* [EXERCISE GOAL] Using the entries that follow, transcribe only the lines from the line with "Để tắt quảng" to the line with "The Jacquard Fringe Wool Sweater The Revury", both included, exactly as they stand and without pictures.

* [SUPPLIED INFORMATION]
*** Block opens ***

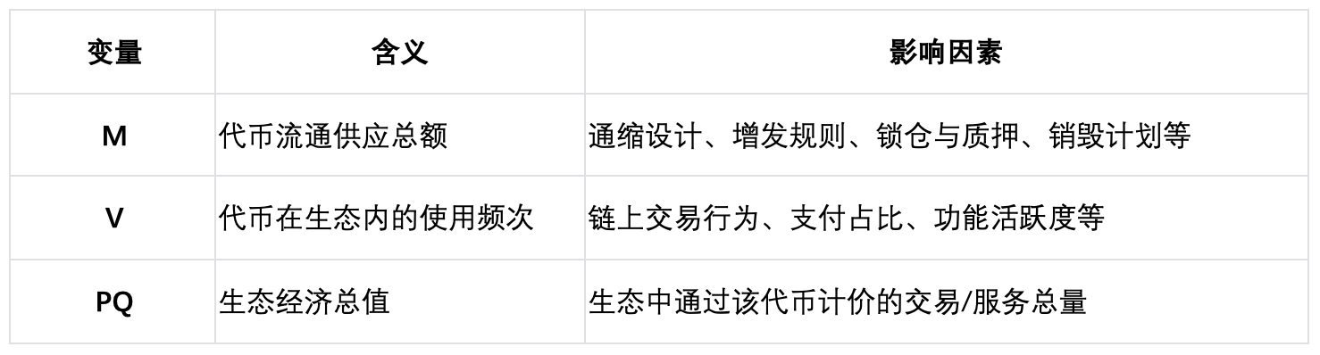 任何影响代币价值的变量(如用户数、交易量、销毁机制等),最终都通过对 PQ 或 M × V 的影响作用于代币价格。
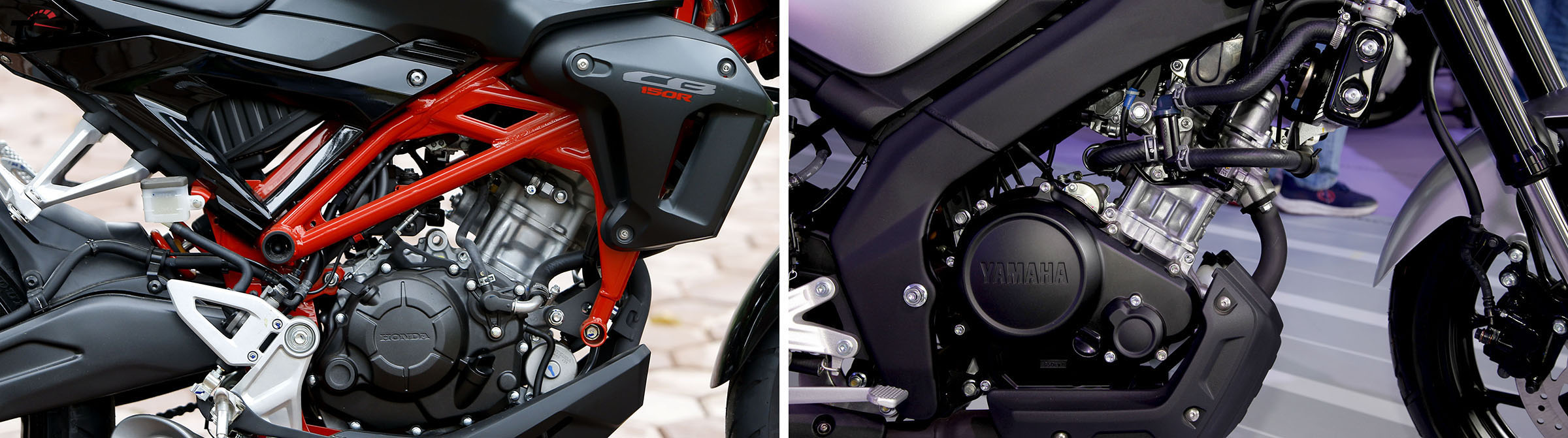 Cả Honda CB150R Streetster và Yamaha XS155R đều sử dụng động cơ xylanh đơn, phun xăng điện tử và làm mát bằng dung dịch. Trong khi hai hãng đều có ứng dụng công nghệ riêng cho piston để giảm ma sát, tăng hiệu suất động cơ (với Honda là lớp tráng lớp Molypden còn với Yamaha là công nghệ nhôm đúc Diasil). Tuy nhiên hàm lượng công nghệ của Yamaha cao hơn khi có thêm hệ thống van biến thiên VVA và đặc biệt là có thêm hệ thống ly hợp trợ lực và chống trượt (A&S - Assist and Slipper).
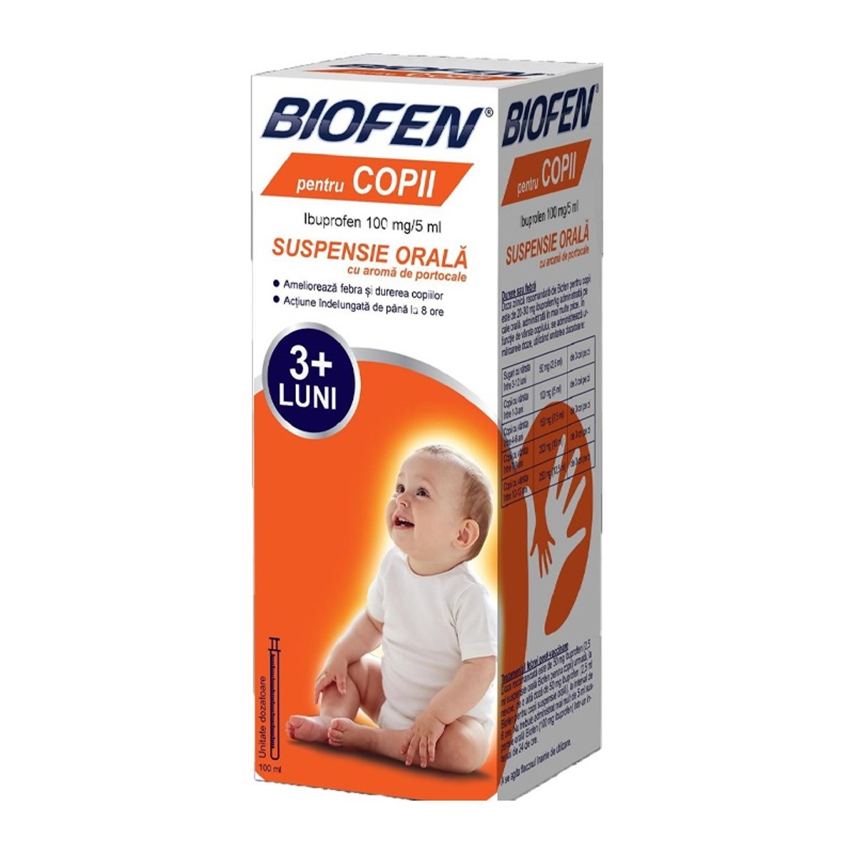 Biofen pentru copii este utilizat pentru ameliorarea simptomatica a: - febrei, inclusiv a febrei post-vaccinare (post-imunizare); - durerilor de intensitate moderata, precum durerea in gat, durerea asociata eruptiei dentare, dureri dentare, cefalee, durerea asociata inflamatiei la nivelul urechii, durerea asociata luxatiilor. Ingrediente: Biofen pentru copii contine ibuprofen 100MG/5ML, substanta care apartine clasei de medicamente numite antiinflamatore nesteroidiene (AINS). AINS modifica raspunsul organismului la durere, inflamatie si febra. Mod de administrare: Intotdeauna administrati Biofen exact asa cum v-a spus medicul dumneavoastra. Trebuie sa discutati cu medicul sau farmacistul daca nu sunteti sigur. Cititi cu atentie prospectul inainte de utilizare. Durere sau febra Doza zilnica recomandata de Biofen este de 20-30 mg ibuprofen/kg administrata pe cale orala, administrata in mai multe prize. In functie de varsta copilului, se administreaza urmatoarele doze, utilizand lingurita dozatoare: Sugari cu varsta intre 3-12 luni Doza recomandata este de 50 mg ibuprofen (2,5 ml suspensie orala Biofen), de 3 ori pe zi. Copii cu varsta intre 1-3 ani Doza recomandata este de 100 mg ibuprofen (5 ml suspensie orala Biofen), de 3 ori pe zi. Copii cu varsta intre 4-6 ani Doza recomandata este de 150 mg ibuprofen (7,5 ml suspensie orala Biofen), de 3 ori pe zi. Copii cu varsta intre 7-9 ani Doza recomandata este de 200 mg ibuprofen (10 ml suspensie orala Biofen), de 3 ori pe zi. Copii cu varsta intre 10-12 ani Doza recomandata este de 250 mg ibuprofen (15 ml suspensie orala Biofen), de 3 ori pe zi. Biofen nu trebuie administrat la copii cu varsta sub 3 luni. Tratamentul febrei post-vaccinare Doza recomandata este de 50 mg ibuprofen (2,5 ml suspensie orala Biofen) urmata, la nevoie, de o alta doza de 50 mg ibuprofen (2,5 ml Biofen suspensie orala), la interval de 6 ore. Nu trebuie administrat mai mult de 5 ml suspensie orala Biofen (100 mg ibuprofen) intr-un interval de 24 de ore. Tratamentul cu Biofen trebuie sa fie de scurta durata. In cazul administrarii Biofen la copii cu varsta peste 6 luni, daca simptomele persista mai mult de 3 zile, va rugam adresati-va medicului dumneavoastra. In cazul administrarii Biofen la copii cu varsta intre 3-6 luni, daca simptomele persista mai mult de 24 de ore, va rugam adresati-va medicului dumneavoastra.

*** Block closes ***
*** Block opens ***

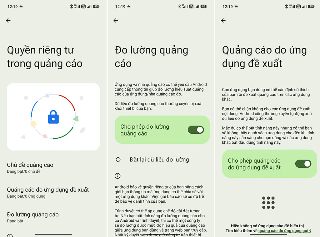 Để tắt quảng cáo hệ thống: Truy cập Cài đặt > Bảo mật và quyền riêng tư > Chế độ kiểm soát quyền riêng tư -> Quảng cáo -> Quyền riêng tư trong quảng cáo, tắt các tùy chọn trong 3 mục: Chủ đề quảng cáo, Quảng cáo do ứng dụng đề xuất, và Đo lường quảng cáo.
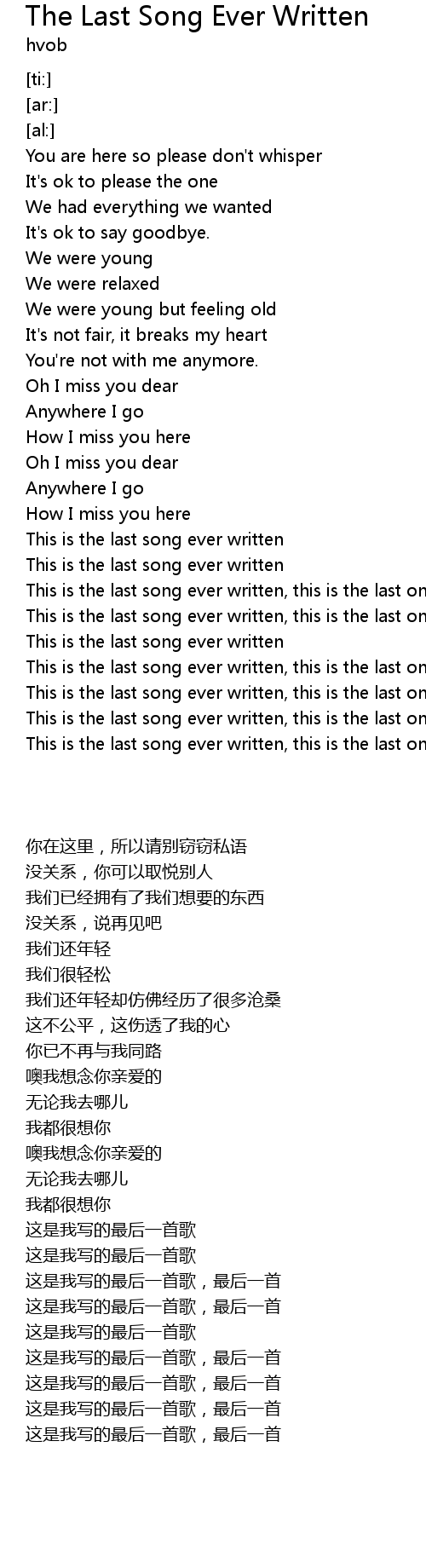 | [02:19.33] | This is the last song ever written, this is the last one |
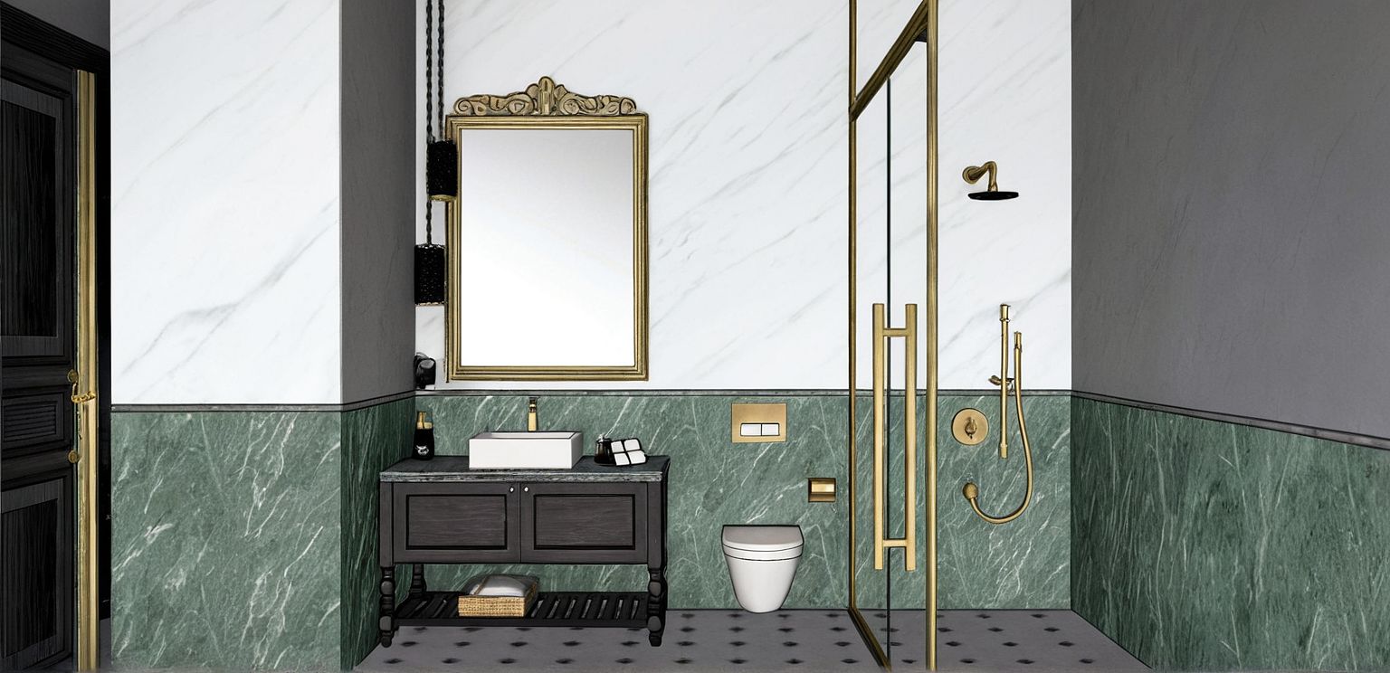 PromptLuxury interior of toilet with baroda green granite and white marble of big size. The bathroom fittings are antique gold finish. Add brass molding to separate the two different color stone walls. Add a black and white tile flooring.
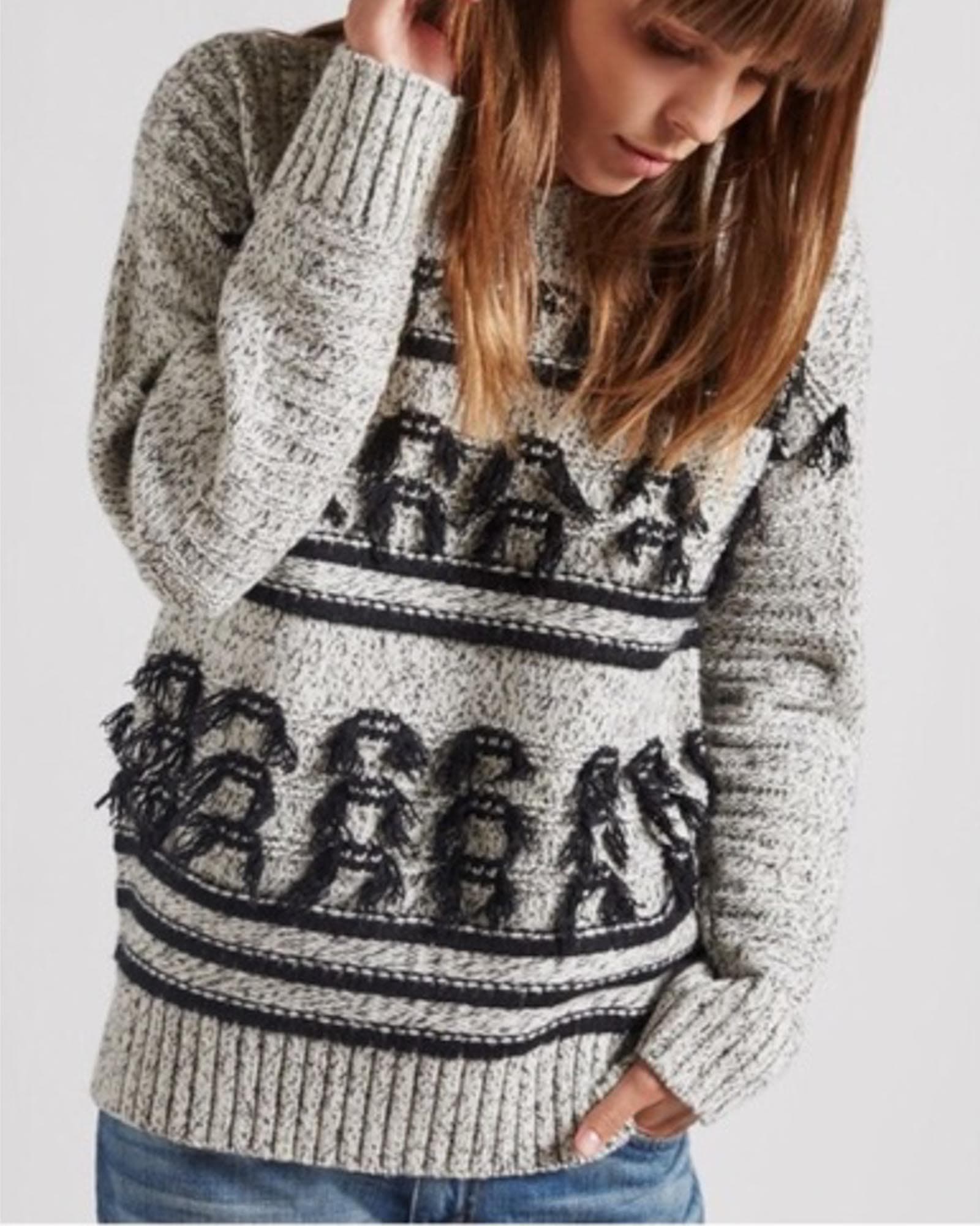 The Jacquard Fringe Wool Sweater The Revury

*** Block closes ***

* [ANSWER SPACE]
 Để tắt quảng cáo hệ thống: Truy cập Cài đặt > Bảo mật và quyền riêng tư > Chế độ kiểm soát quyền riêng tư -> Quảng cáo -> Quyền riêng tư trong quảng cáo, tắt các tùy chọn trong 3 mục: Chủ đề quảng cáo, Quảng cáo do ứng dụng đề xuất, và Đo lường quảng cáo.
 | [02:19.33] | This is the last song ever written, this is the last one |
 PromptLuxury interior of toilet with baroda green granite and white marble of big size. The bathroom fittings are antique gold finish. Add brass molding to separate the two different color stone walls. Add a black and white tile flooring.
 The Jacquard Fringe Wool Sweater The Revury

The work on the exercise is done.